Gabriel Béna 🌻 (@solarpunkgabs.bsky.social) 2025-06-04T18:37:08.277Z

Our approach also enables task composition, meaning we can chain operations together! Example: Distribute matrix → Multiply → Rotate → Return to original position It's like programming, but the "execution" is continuous dynamics!

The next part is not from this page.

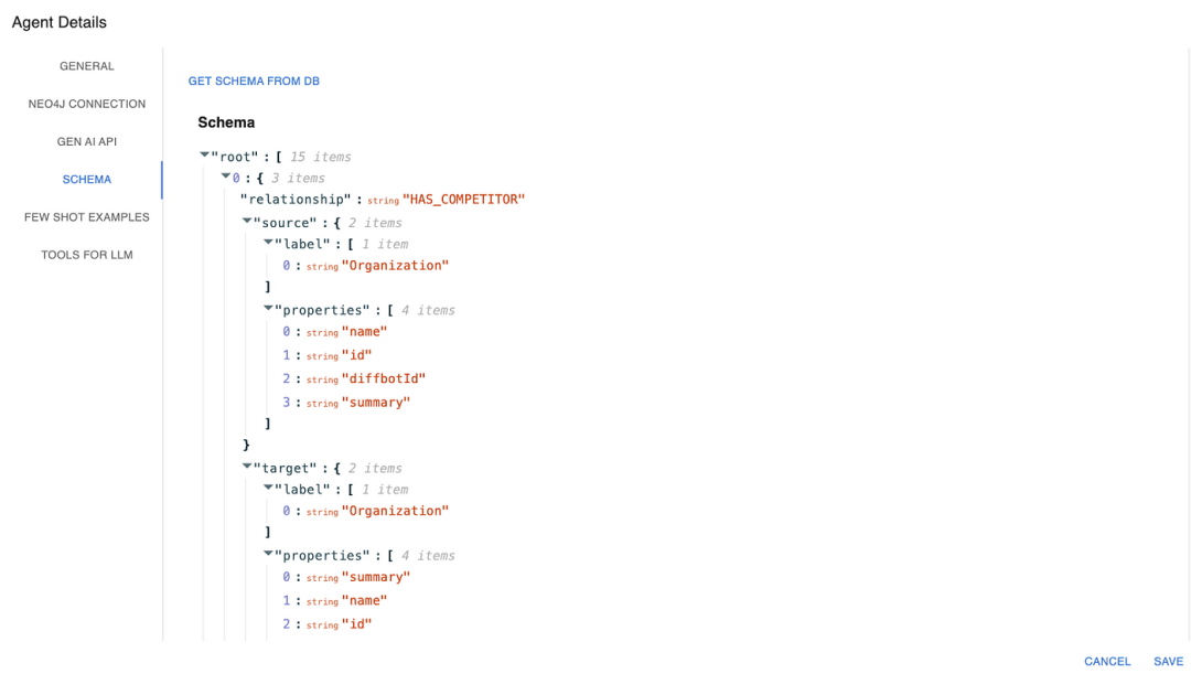 • 使用全文搜索查找 Palantir,因此用户无需在提示中提供确切的公司名称。 • 匹配所有传入和传出关系以获得组织的 360 度视图(HAS_INVESTOR、HAS_COMPETITOR、HAS_SUPPLIER、HAS_BOARD_MEMBER、HAS_CEO)。 • 使用向量搜索中的其他上下文对其进行扩充。 • 返回所有提取的见解以及可选的新闻上下文,以增强响应。

We're building a neural compiler!

Gabriel Béna 🌻 (@solarpunkgabs.bsky.social) 2025-06-04T18:37:08.278Z

I quite like this idea of a compiler ! Think of it like having dual timescale: - FAST: State / neuronal dynamics (computation happens) - SLOW: Hardware reconfiguration (program flow) This separation mirrors classical computer architecture but within a continuous, differentiable substrate !

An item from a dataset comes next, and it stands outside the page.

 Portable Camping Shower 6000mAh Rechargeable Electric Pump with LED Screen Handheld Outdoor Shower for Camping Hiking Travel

Gabriel Béna 🌻 (@solarpunkgabs.bsky.social) 2025-06-04T18:37:08.279Z

Taking it even further: We're developing a graph-based "Hardware Meta-Network"! Users define tasks as intuitive graphs (nodes = regions, edges = operations), and a GNN + coordinate-MLP generates the hardware configuration! It's literally a compiler from human intent → NCA computation! 🤖

Gabriel Béna 🌻 (@solarpunkgabs.bsky.social) 2025-06-04T18:37:08.280Z

In conclusion: continuous cellular automata could be universal computers when trained right. This might change how we should think about: - What can compute ? - How to design computers ? - The future of efficient AI hardware. 🚀 Let's train physics-based computers !🚀

Gabriel Béna 🌻 (@solarpunkgabs.bsky.social) 2025-06-04T18:37:08.281Z

Thank you very much to my co-author Maxence Faldor (maxencefaldor.github.io) and to our supervisors @neuralreckoning.bsky.social and Antoine Cully from Imperial College !! And again: arXiv: arxiv.org/abs/2505.13058 Blog: gabrielbena.github.io/blog/2025/be...

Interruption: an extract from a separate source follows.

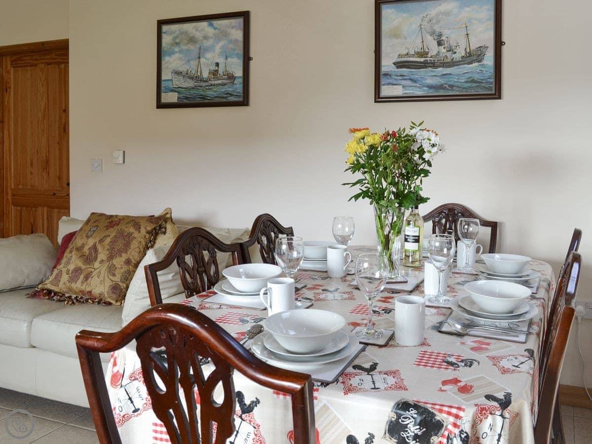 For facilities, it’s got what you’d expect: a washing machine, dishwasher, WiFi, TV. Bedding and towels are included. We can provide a cot and a highchair. You can bring up to two dogs.

Gabriel Béna 🌻 (@solarpunkgabs.bsky.social) 2025-06-04T18:37:08.282Z

We will also be present at GECCO 2025, specifically at the EvoSelf Workshop, to present this work : evolving-self-organisation-workshop.github.io See you there, I hope !

Gabriel Béna 🌻 (@solarpunkgabs.bsky.social) 2025-06-04T18:37:08.283Z

A Path to Universal Neural Cellular Automata

Béna G, Faldor M, Goodman DFM, Cully A
GECCO (2025)
Proceedings of the Genetic and Evolutionary Computation Conference Companion
 

Abstract

Cellular automata have long been celebrated for their ability to generate complex behaviors from simple, local rules, with well-known discrete models like Conway's Game of Life proven capable of universal computation. Recent advancements have extended cellular automata into continuous domains, raising the question of whether these systems retain the capacity for universal computation. In parallel, neural cellular automata have emerged as a powerful paradigm where rules are learned via gradient descent rather than manually designed. This work explores the potential of neural cellular automata to develop a continuous Universal Cellular Automaton through training by gradient descent. We introduce a cellular automaton model, objective functions and training strategies to guide neural cellular automata toward universal computation in a continuous setting. Our experiments demonstrate the successful training of fundamental computational primitives - such as matrix multiplication and transposition - culminating in the emulation of a neural network solving the MNIST digit classification task directly within the cellular automata state. These results represent a foundational step toward realizing analog general-purpose computers, with implications for understanding universal computation in continuous dynamics and advancing the automated discovery of complex cellular automata behaviors via machine learning.